▶ **REQUIREMENT**:
Your copy should hold exactly the lines from the beginning of the listing below through the line with "Office Chair with", without any pictures.

▶ **EXERCISE MATERIAL**:
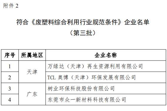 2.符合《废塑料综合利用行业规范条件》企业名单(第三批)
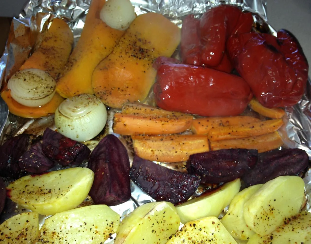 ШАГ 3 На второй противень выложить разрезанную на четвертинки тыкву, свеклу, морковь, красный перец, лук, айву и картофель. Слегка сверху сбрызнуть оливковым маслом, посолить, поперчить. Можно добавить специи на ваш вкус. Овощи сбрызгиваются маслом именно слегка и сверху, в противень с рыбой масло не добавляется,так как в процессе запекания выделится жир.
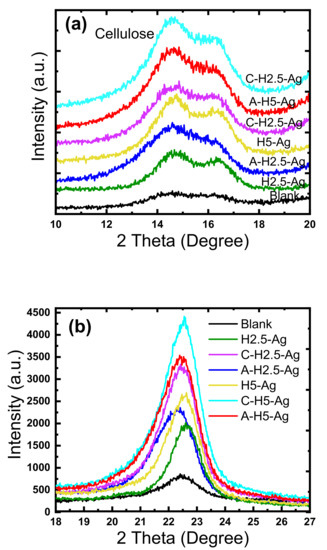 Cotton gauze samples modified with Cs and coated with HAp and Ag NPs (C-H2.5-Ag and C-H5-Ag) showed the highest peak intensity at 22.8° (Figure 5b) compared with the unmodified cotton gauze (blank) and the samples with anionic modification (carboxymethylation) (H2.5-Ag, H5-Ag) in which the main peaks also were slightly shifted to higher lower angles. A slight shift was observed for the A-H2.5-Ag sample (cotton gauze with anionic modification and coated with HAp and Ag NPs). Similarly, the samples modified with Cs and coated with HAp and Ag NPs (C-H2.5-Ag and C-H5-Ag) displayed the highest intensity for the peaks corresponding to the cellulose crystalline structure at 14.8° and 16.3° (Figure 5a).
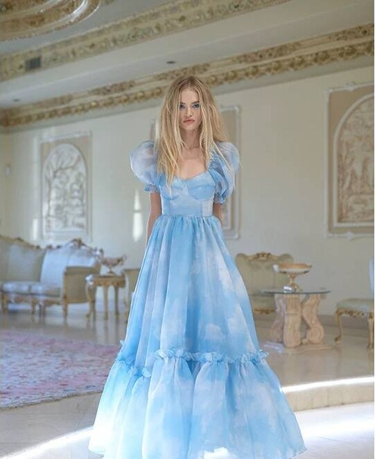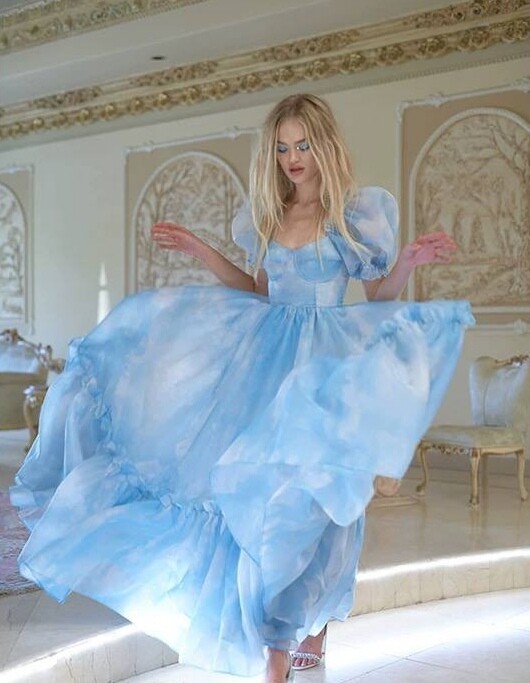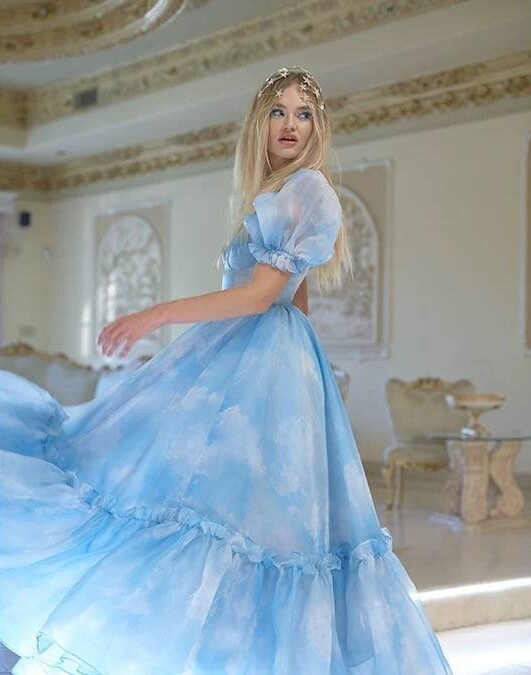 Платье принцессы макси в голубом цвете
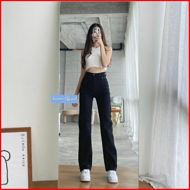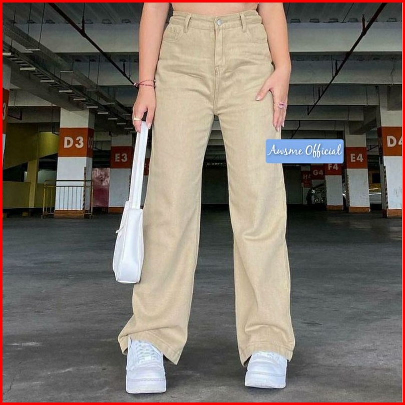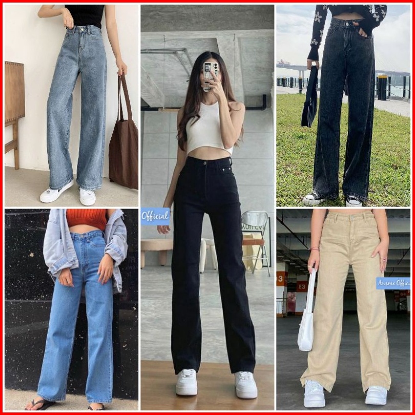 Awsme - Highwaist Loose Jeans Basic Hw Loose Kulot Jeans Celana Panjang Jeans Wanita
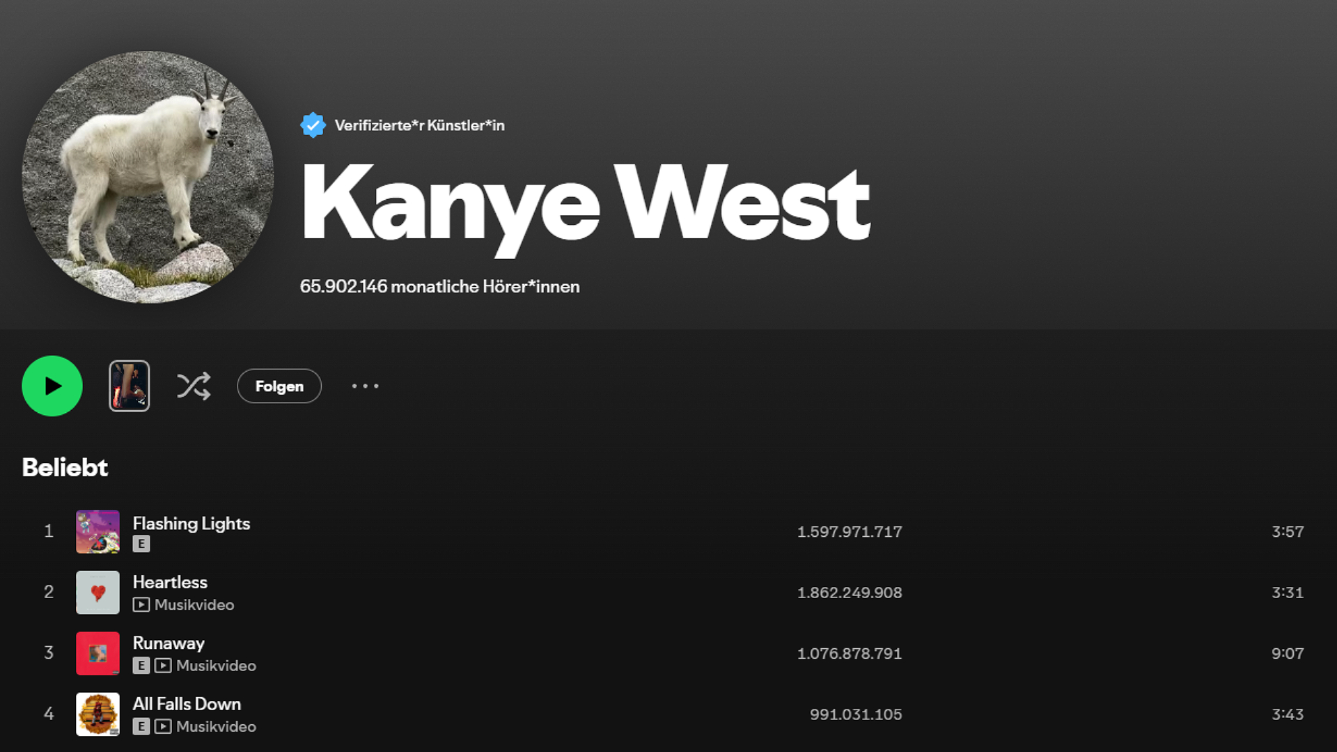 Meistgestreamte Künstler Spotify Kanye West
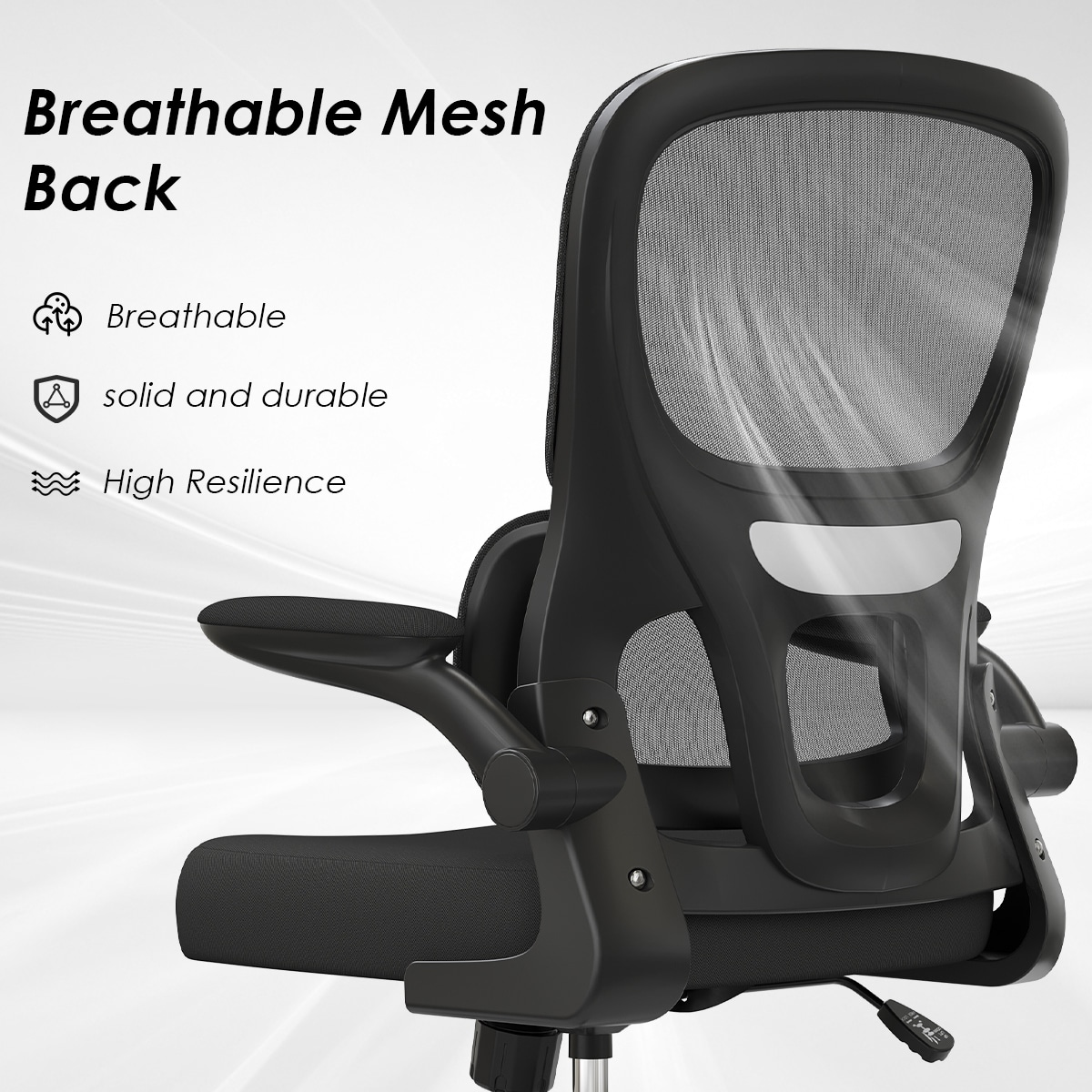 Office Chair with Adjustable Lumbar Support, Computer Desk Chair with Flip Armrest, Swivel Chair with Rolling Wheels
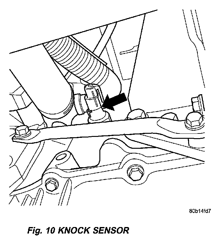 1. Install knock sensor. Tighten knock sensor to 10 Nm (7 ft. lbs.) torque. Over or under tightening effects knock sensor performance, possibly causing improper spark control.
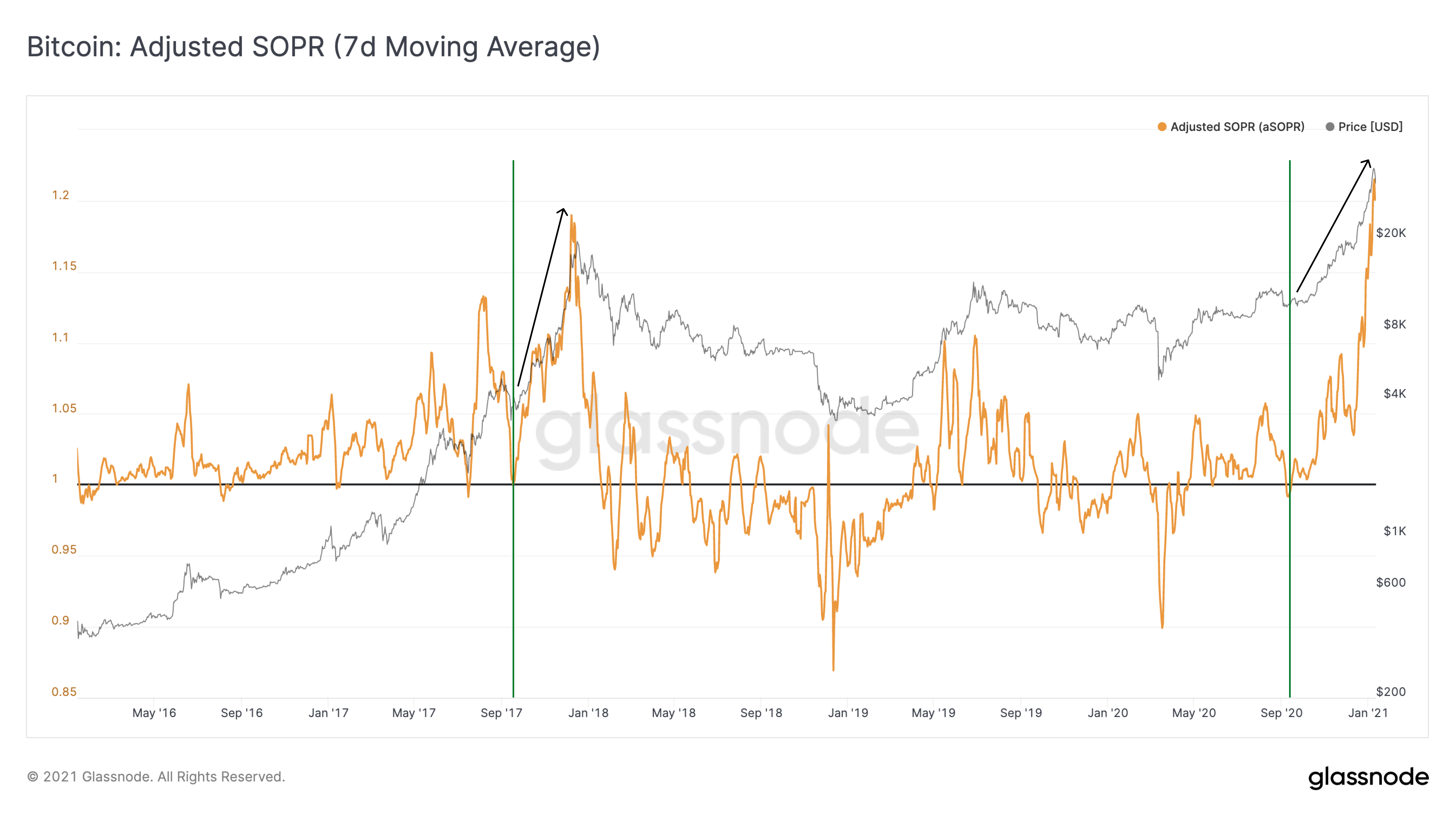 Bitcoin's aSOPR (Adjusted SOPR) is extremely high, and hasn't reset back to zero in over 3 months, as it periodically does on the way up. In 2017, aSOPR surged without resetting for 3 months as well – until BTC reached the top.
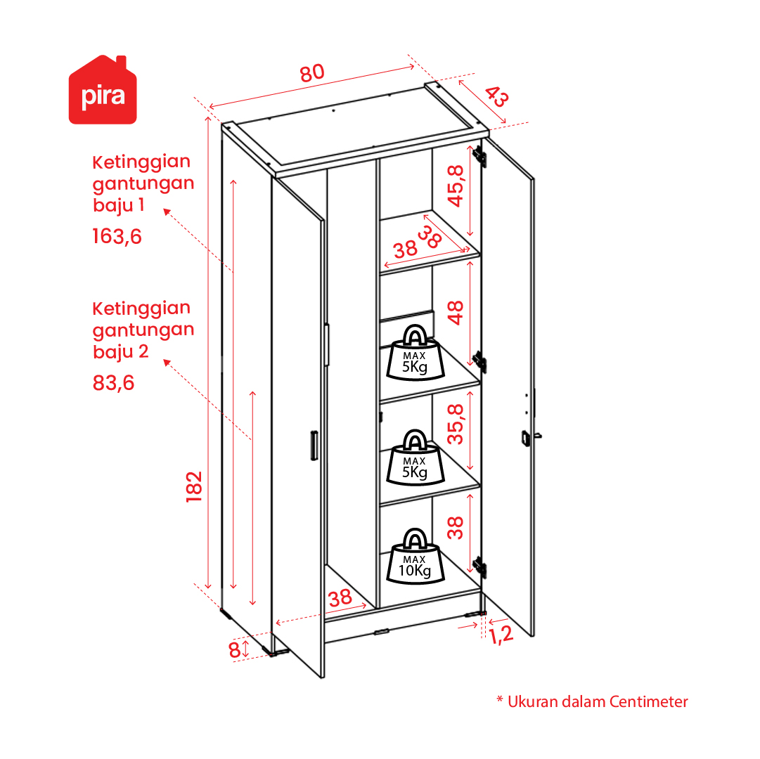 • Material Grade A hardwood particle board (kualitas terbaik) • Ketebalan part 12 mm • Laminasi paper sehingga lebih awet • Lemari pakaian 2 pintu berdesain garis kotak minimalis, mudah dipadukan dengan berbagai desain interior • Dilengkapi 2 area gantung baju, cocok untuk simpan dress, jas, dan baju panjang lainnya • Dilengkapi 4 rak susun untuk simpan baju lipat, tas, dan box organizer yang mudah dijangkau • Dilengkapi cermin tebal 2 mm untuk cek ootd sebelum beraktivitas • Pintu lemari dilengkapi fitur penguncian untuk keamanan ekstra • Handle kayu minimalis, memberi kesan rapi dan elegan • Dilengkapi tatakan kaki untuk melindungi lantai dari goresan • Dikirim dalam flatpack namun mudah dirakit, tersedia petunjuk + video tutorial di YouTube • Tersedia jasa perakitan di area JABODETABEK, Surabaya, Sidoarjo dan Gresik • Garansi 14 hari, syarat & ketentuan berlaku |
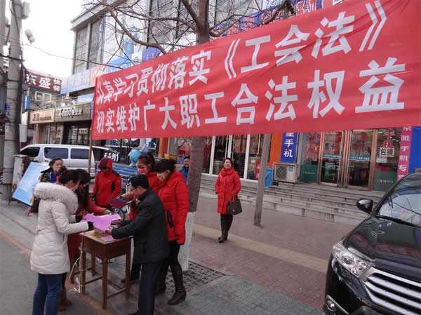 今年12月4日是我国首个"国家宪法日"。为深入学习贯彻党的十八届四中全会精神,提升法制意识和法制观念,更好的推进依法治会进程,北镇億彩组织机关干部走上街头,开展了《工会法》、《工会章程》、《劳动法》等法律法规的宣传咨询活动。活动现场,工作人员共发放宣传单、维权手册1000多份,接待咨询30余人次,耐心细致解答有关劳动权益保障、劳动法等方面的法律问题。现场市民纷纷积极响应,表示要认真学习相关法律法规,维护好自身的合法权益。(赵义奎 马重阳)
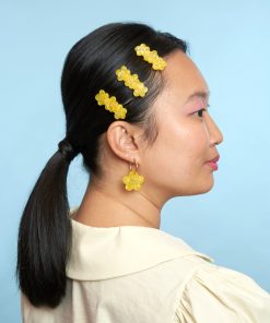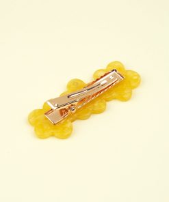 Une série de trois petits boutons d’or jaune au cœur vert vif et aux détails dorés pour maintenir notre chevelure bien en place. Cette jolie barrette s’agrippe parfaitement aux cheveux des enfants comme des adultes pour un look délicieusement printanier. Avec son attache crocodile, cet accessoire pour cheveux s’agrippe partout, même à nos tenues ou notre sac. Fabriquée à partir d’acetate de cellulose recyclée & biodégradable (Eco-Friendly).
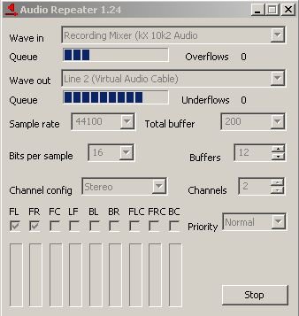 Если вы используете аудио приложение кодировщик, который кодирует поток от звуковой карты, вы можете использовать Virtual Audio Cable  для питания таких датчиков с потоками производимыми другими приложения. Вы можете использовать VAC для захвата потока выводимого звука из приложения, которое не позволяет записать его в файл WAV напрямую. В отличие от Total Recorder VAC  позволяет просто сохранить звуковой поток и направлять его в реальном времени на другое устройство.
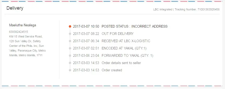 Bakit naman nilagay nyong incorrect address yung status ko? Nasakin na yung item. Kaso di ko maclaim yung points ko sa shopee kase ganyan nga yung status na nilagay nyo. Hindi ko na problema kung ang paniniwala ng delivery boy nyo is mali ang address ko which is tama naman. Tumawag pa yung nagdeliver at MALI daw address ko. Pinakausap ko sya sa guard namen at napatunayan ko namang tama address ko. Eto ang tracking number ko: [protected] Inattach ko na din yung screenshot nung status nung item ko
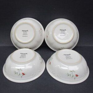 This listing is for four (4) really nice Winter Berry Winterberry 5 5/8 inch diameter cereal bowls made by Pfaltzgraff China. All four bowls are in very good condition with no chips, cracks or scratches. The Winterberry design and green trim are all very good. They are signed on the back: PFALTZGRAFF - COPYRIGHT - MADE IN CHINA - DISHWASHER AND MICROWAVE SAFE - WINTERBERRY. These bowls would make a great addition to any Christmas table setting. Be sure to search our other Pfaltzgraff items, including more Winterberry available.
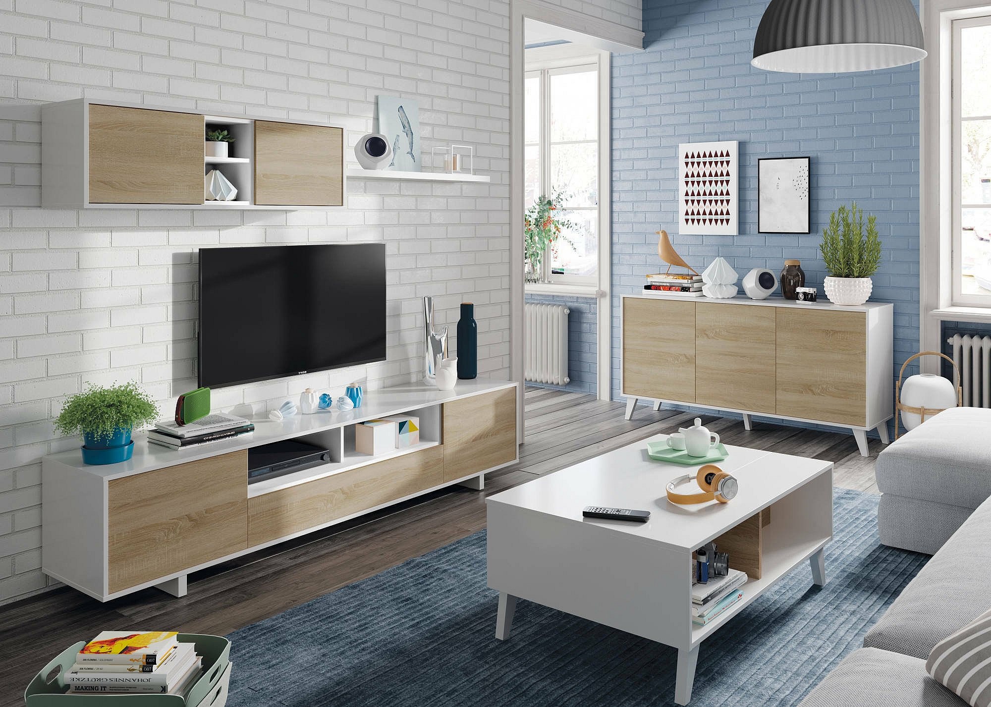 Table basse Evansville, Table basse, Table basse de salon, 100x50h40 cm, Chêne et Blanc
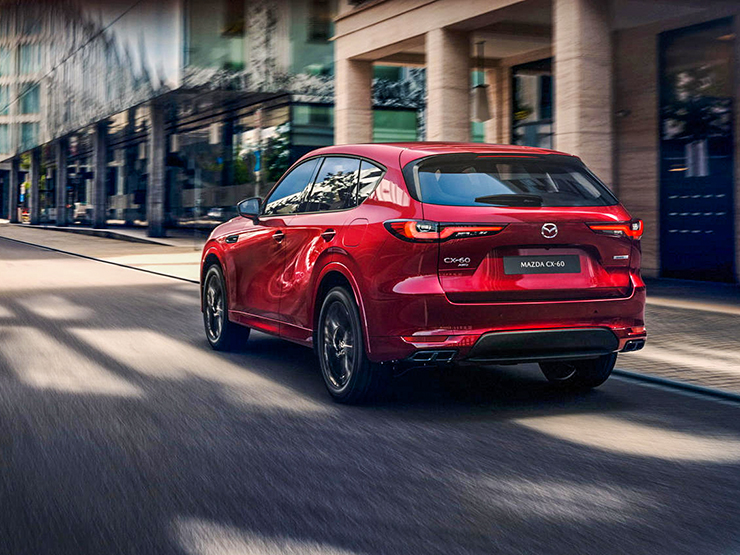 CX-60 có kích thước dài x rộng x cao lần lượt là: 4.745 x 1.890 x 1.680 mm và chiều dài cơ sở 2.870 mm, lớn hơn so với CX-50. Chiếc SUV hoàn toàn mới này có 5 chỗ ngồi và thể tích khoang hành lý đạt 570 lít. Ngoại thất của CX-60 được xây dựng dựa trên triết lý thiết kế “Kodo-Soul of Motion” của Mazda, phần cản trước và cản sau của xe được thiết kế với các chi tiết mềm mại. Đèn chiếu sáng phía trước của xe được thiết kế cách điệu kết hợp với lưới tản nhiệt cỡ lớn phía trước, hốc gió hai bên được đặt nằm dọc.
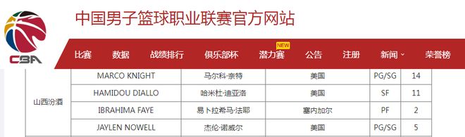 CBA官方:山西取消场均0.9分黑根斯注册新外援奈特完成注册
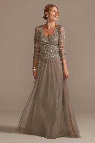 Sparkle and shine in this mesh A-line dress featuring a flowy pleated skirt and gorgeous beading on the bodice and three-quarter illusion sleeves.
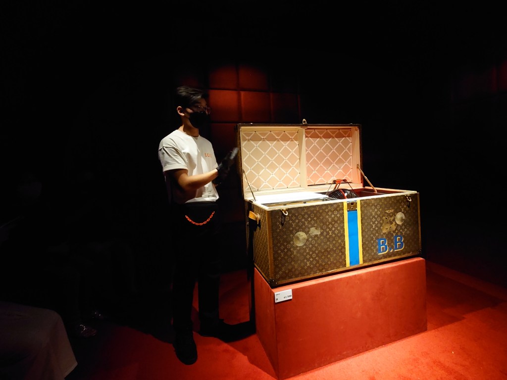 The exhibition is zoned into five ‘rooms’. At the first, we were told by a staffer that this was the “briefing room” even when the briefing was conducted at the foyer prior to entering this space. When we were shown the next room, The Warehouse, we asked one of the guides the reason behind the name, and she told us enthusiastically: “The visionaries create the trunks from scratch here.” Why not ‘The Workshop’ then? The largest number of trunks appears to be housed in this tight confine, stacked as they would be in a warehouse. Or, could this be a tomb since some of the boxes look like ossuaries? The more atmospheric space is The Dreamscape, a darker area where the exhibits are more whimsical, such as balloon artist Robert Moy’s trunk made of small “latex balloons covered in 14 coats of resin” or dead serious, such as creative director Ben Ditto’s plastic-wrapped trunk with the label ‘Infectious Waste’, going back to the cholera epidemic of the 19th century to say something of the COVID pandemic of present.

▶ **EXPECTED ANSWER**:
 2.符合《废塑料综合利用行业规范条件》企业名单(第三批)
 ШАГ 3 На второй противень выложить разрезанную на четвертинки тыкву, свеклу, морковь, красный перец, лук, айву и картофель. Слегка сверху сбрызнуть оливковым маслом, посолить, поперчить. Можно добавить специи на ваш вкус. Овощи сбрызгиваются маслом именно слегка и сверху, в противень с рыбой масло не добавляется,так как в процессе запекания выделится жир.
 Cotton gauze samples modified with Cs and coated with HAp and Ag NPs (C-H2.5-Ag and C-H5-Ag) showed the highest peak intensity at 22.8° (Figure 5b) compared with the unmodified cotton gauze (blank) and the samples with anionic modification (carboxymethylation) (H2.5-Ag, H5-Ag) in which the main peaks also were slightly shifted to higher lower angles. A slight shift was observed for the A-H2.5-Ag sample (cotton gauze with anionic modification and coated with HAp and Ag NPs). Similarly, the samples modified with Cs and coated with HAp and Ag NPs (C-H2.5-Ag and C-H5-Ag) displayed the highest intensity for the peaks corresponding to the cellulose crystalline structure at 14.8° and 16.3° (Figure 5a).
 Платье принцессы макси в голубом цвете
 Awsme - Highwaist Loose Jeans Basic Hw Loose Kulot Jeans Celana Panjang Jeans Wanita
 Meistgestreamte Künstler Spotify Kanye West
 Office Chair with Adjustable Lumbar Support, Computer Desk Chair with Flip Armrest, Swivel Chair with Rolling Wheels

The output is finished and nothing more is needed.